There are 3 hangers and 5 shirts in a room. In how many ways, can these 5 shirts be arranged among the three hangers?
Would we solve this with the counting rule where we take 5(3)=15?
On the first hanger, you can put one from any of the five shirts. This gives 5 ways.
On the second hanger, you can put one from any of the four remaining shirts. This gives 4 more ways.
On the third hanger, you can put one from any of the three remaining shirts. This gives 3 more ways.
In total, you have 5x4x3 = 60 ways.
I don't think it's clear what assumptions we're supposed to make. Supposing we can put multiple shirts on a hanger, a hanger can be empty, we must use all shirts, hangers are identical, and shirts are identical, there are 5 ways.
{0,0,5}
{0,1,4}
{0,2,3}
{1,1,3}
{1,2,2}
If the shirts are non-identical (which is a natural assumption), it becomes 41 ways
{0,0,5} --- 1
{0,1,4} --- 5
{0,2,3} --- C(5,2)
{1,1,3} --- C(5,3)
{1,2,2} --- 5*C(4,2)/2
and there are many variations of assumptions.
You wrote the number of ways to arrange five non-identical shirts on two identical hangers such that one hanger has three shirts and the other has two shirts. This is also just $\displaystyle \binom{5}{2}$.
Edit: Alternatively, you wrote the ways to choose three shirts from a set of five non-identical shirts and hang them on three identical hangers, one per hanger. Unknown008's variation is that the hangers are considered non-identical.
Interesting... I didn't look at this question like this.
Anyway, I tackled this question like the questions I did in the past.
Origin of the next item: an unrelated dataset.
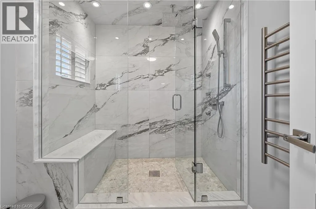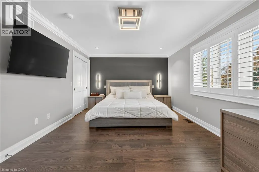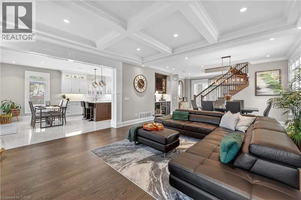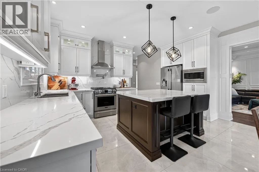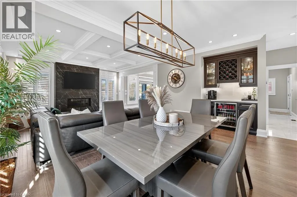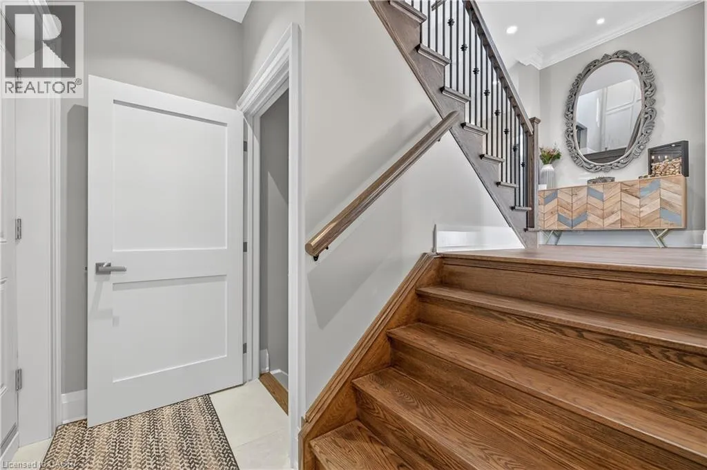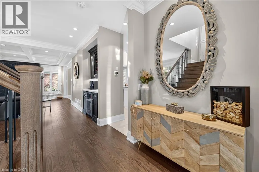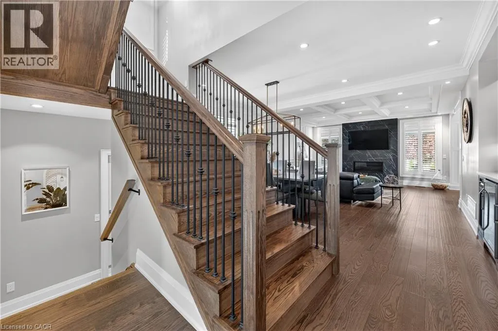 Upper Wellington & Fennell Prepare to be impressed by this meticulously crafted, fully custom 3-bedroom, 2.5-bathroom residence offering 2,531 sq ft of luxurious living on a generous 50x108 ft lot. From the moment you arrive, the homeâs full brick and stone façade, arched windows, and covered porch speak to the quality and pride of ownership throughout. Inside, every detail is elevated â engineered hardwood and porcelain tile span the entire home. Solid wood interior doors, coffered ceilings, pot lights (including on all 4 sides of the homeâs exterior), and crown moulding define each space with sophistication. The kitchen is an entertainerâs dream, complete with custom cabinetry, quartz countertops, high-end appliances, in-ceiling speakers, and a spacious island. It opens effortlessly to a dining area and large living room anchored by a floor-to-ceiling stone gas fireplace and built-in wet bar. The primary suite is a sanctuary, offering a large walk-in closet with custom cabinetry and a dedicated makeup station. The ensuite bath includes a double vanity, quartz countertops, and a private water closet. Upstairs bathrooms also feature quartz surfaces and private toilet rooms for added convenience. A wide staircase enhances flow, and thoughtful extras include central vac with in-wall hose systems on every level, closet lighting throughout, and California shutters. Step outside to a covered back porch and fully fenced backyard where freshly planted cedars promise enhanced privacy in the seasons to come. The unfinished basement â with its own private side entrance and insulated subfloor â offers endless possibilities. With a double-car garage and four-car driveway, this property checks every box for luxury, comfort, and long-term livability. (id:27476)

The question mentioned 'arrangements' and by experience, I've learned it the hard way that the assumptions are: the shirts are non identical and the order of the hangers is relevant. And lastly, only three shirts get a place on the hangers.
Questions on combinations and permutations are not always explicit and can be interpreted in different ways...